## Task statement
Give the listing again exactly, skipping any pictures it holds.

(Beginning of Source data)

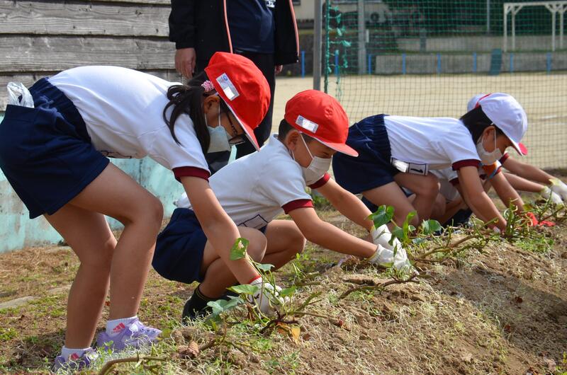 11月15日(火)1年生・2年生・3年生が5月末に植えたサツマイモの収穫をしました。
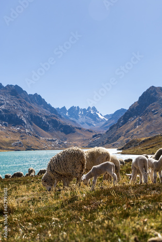 © Erik González, Naklejka premium Aerial view of the Querococha lagoon, in the Ancash region.
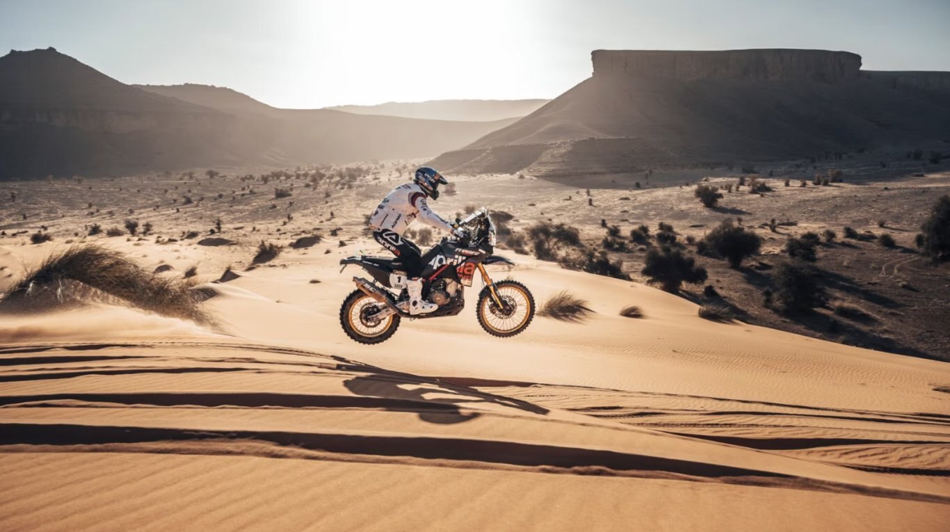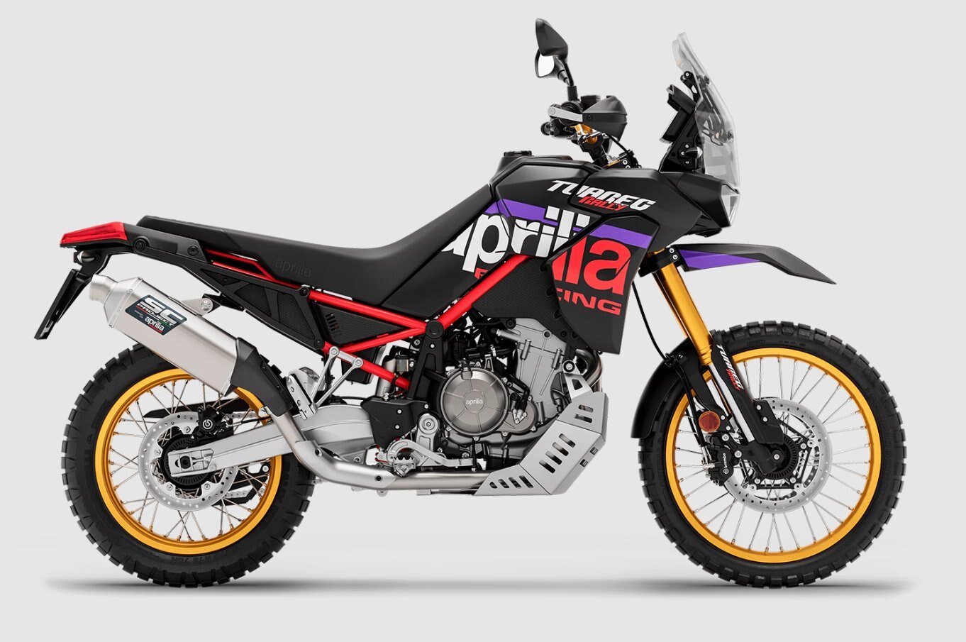 The Aprilia Tuareg Rally offers fast and responsive throttle response, perfect for overcoming obstacles when off-road riding. The SC Project exhaust, designed specifically for the Rally, is made of titanium and features a racing-style end cap with a 60 mm outlet, enhancing performance, sound, and reducing the bike’s overall wet weight to just 199 kg. With four riding modes – Urban, Explore, Off-Road and Individual – you can customise all key APRC electronic parameters depending on whether you’re after maximum riding precision or looking to unleash the bike’s full might and aggression. |
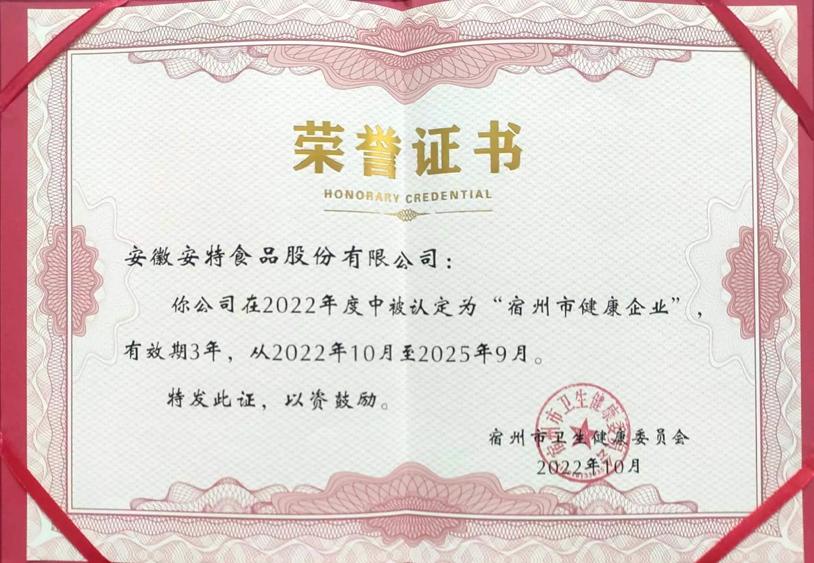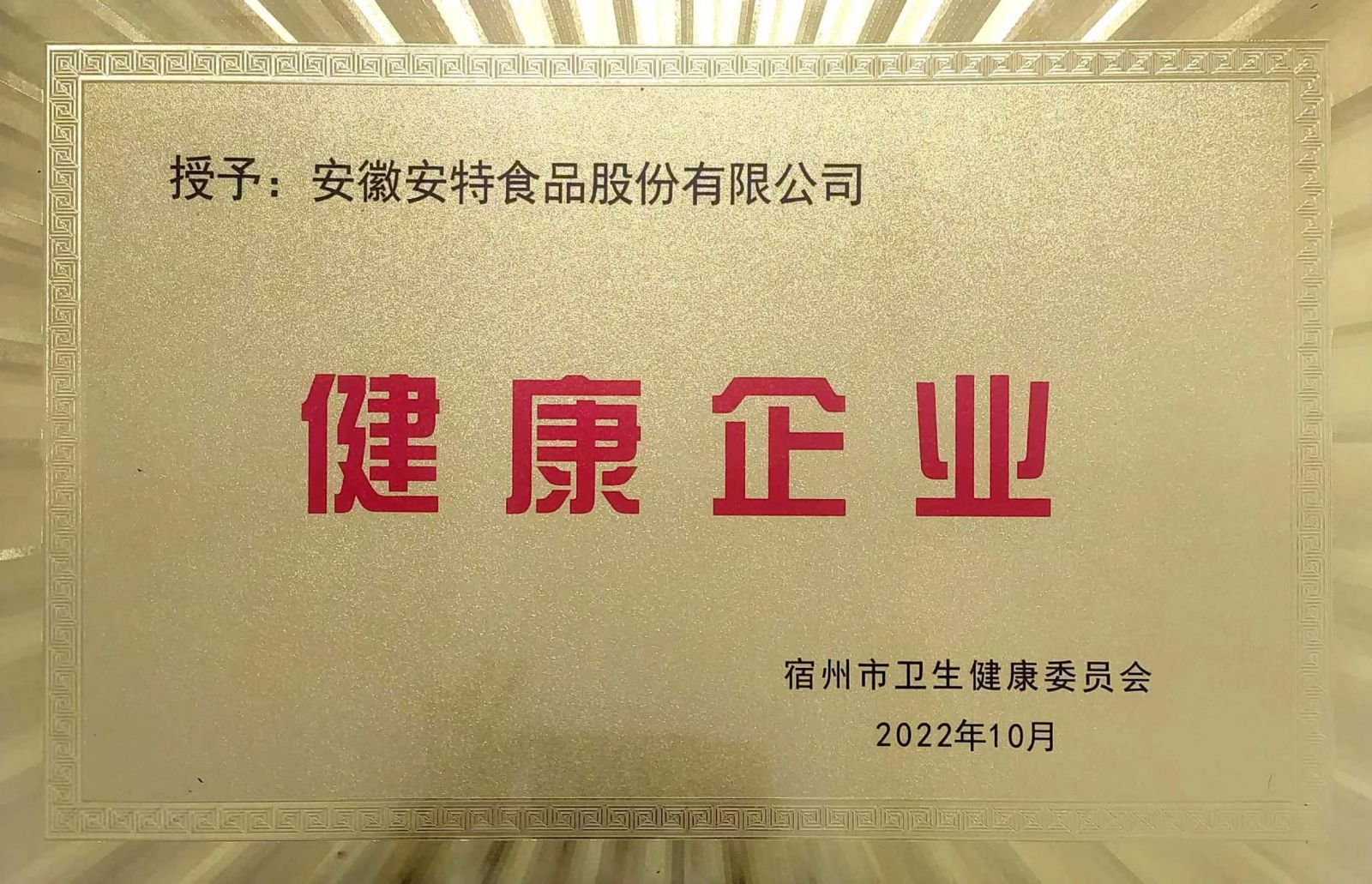 祝賀我司榮獲“宿州市健康企業”稱號
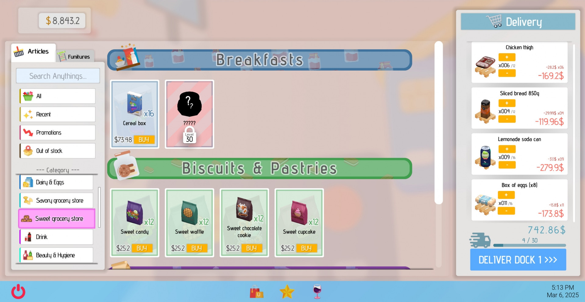 Нанимайте персонал, улучшайте оборудование и повышайте скорость обслуживания на кассах. Расширяйте бизнес, открывая новые отделы, такие как пекарня или отдел электроники, чтобы привлечь ещё больше покупателей.
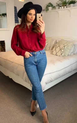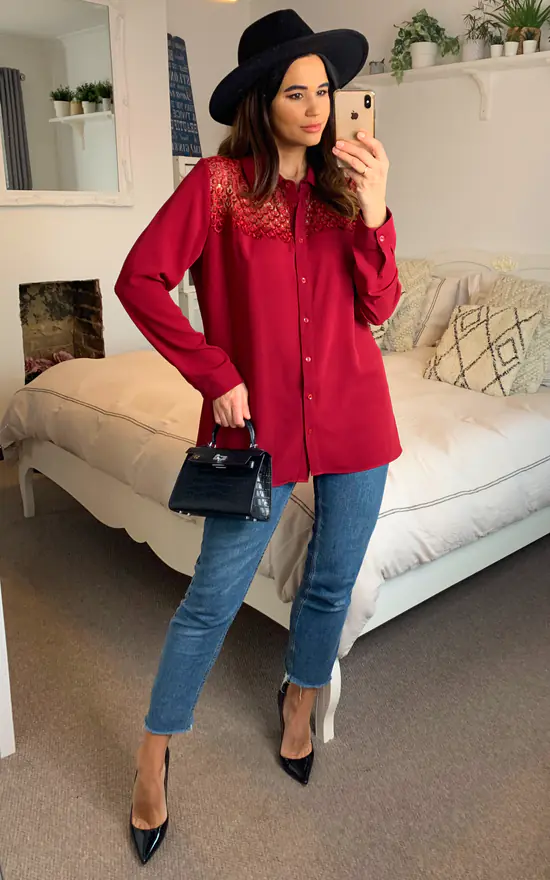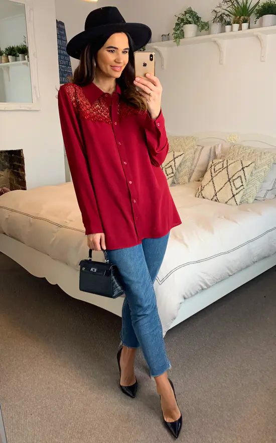 Cheap ๐ŸŽ HOXTON GAL Oversized ๐Ÿ‘• Shirt With Lace Detail In Burgundy โค๏ธ
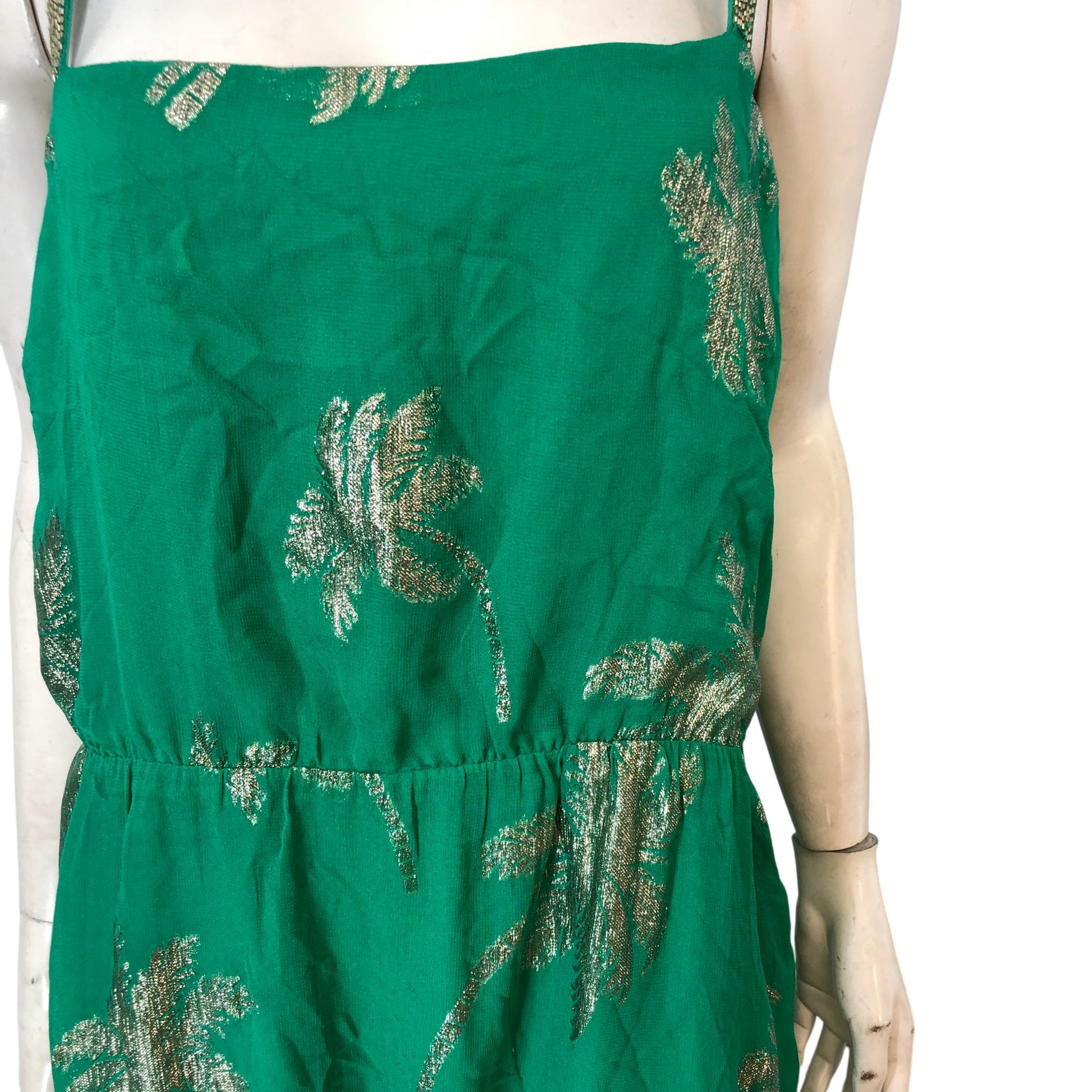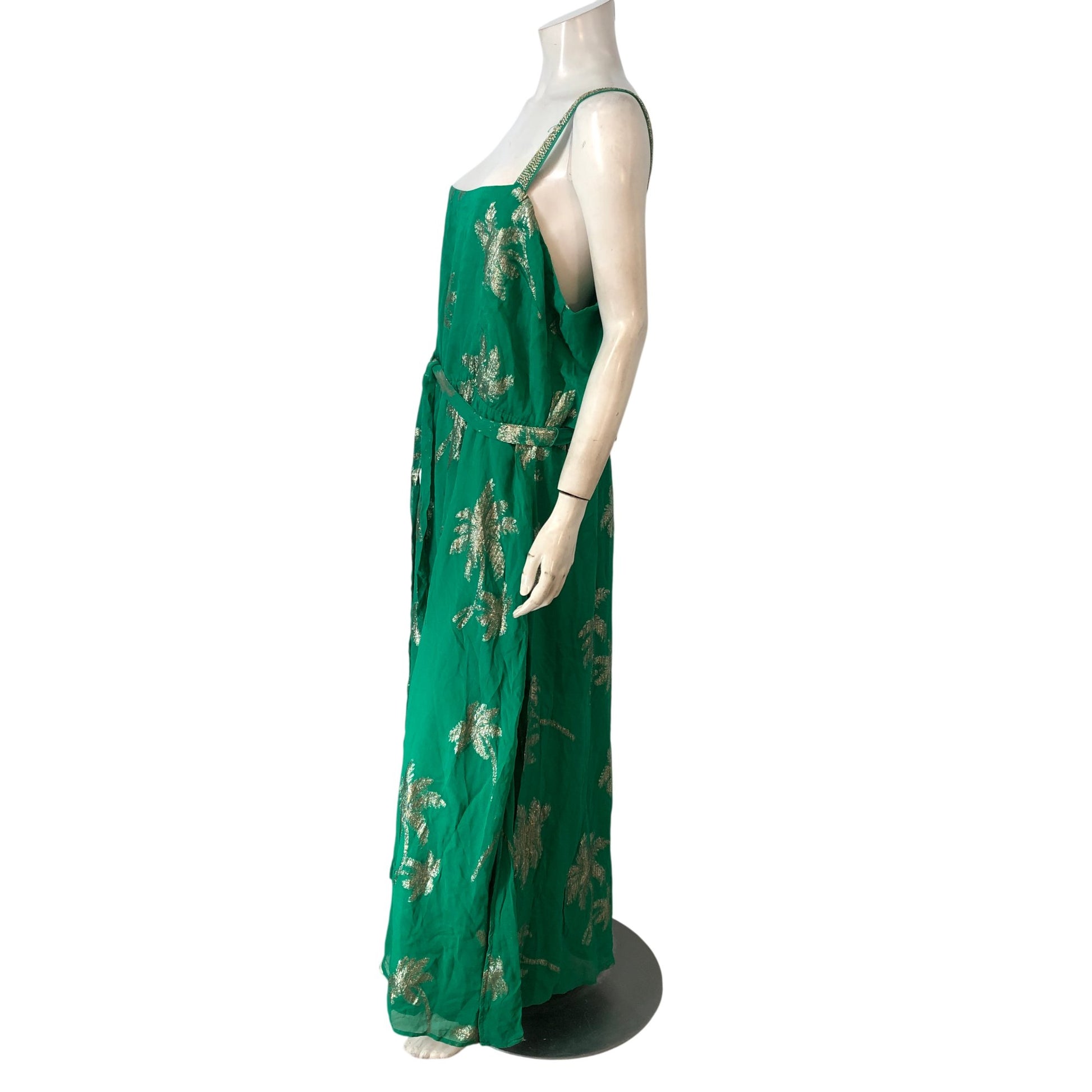 Love And Roses Maxi Dress UK18 Women's Green Palm Print With Beaded Straps

(End of Source data)

## Written solution
 11月15日(火)1年生・2年生・3年生が5月末に植えたサツマイモの収穫をしました。
 © Erik González, Naklejka premium Aerial view of the Querococha lagoon, in the Ancash region.
 The Aprilia Tuareg Rally offers fast and responsive throttle response, perfect for overcoming obstacles when off-road riding. The SC Project exhaust, designed specifically for the Rally, is made of titanium and features a racing-style end cap with a 60 mm outlet, enhancing performance, sound, and reducing the bike’s overall wet weight to just 199 kg. With four riding modes – Urban, Explore, Off-Road and Individual – you can customise all key APRC electronic parameters depending on whether you’re after maximum riding precision or looking to unleash the bike’s full might and aggression. |
 祝賀我司榮獲“宿州市健康企業”稱號
 Нанимайте персонал, улучшайте оборудование и повышайте скорость обслуживания на кассах. Расширяйте бизнес, открывая новые отделы, такие как пекарня или отдел электроники, чтобы привлечь ещё больше покупателей.
 Cheap ๐ŸŽ HOXTON GAL Oversized ๐Ÿ‘• Shirt With Lace Detail In Burgundy โค๏ธ
 Love And Roses Maxi Dress UK18 Women's Green Palm Print With Beaded Straps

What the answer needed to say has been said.